■ **To do**
Beginning at the line that mentions "1934 Studebaker, $30,000 ... p. 137", retype the rest of the records below exactly. Pictures are not part of the copy.

■ **Data items**
=======

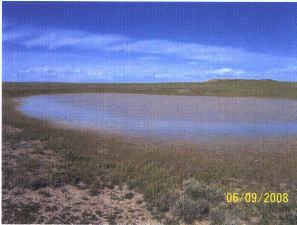
Photo 88: WB-82. Isolated waterbody in depression in Sage Creek Tributary 4. Looking northeast.
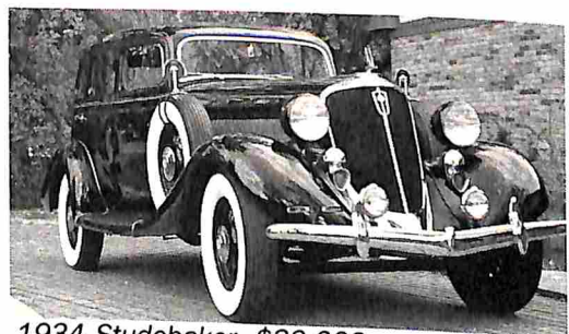
1934 Studebaker, $30,000 ... p. 137
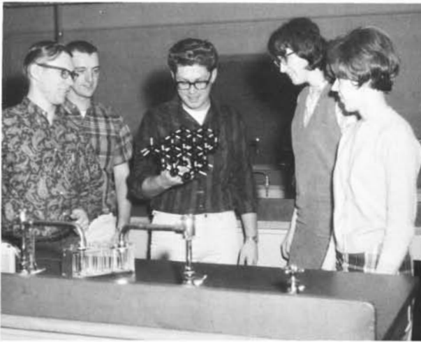
It's a what?
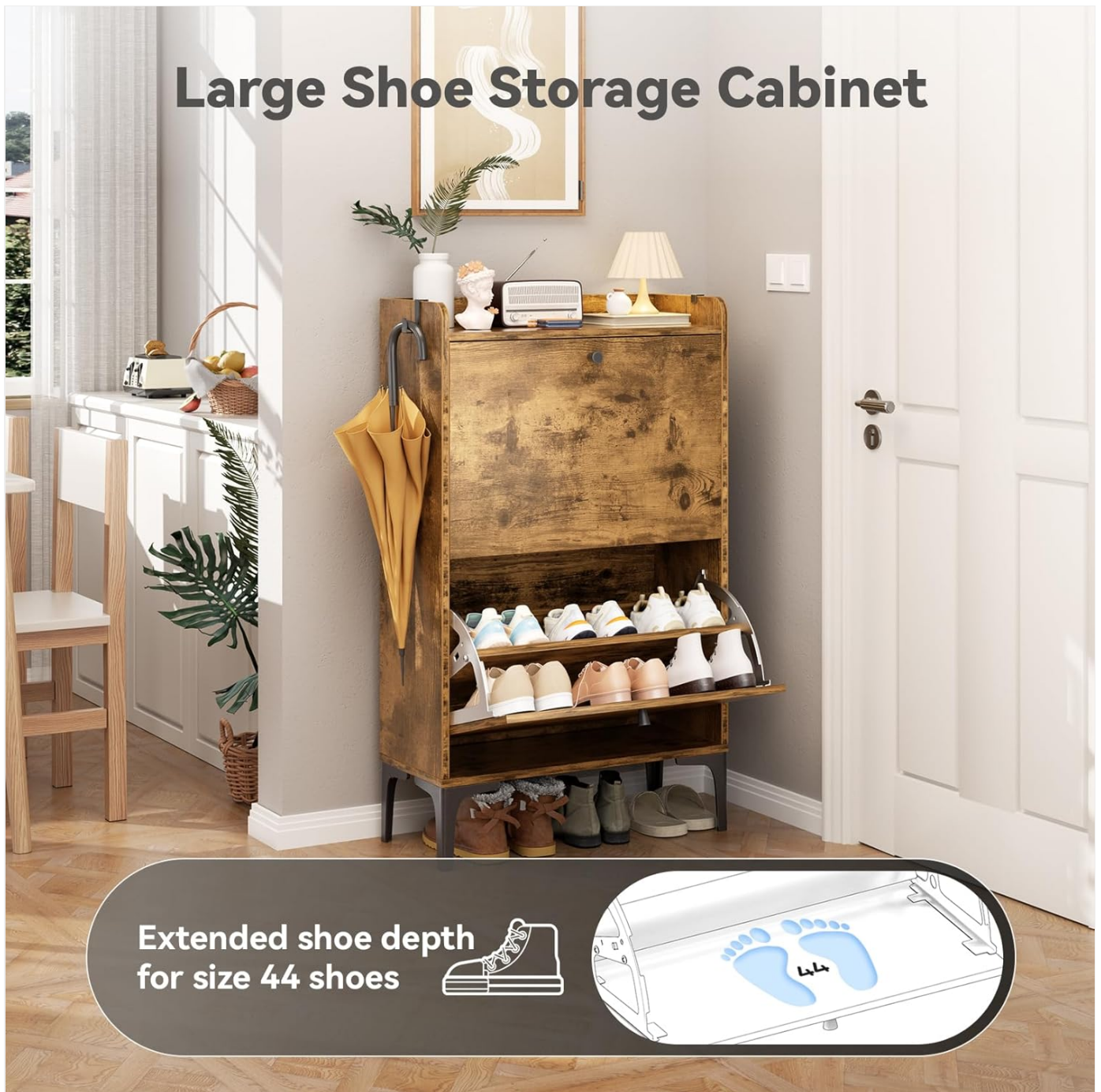
Image: The shoe cabinet in use, highlighting its capacity and additional storage features like the top surface and space beneath.
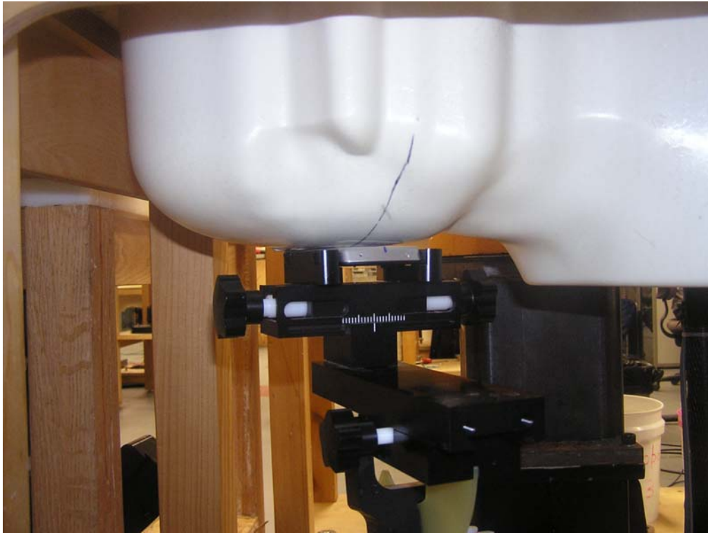
Figure 3 – Transceiver against head, Cheek Touch position

=======

■ **Result below**
1934 Studebaker, $30,000 ... p. 137
It's a what?
Image: The shoe cabinet in use, highlighting its capacity and additional storage features like the top surface and space beneath.
Figure 3 – Transceiver against head, Cheek Touch position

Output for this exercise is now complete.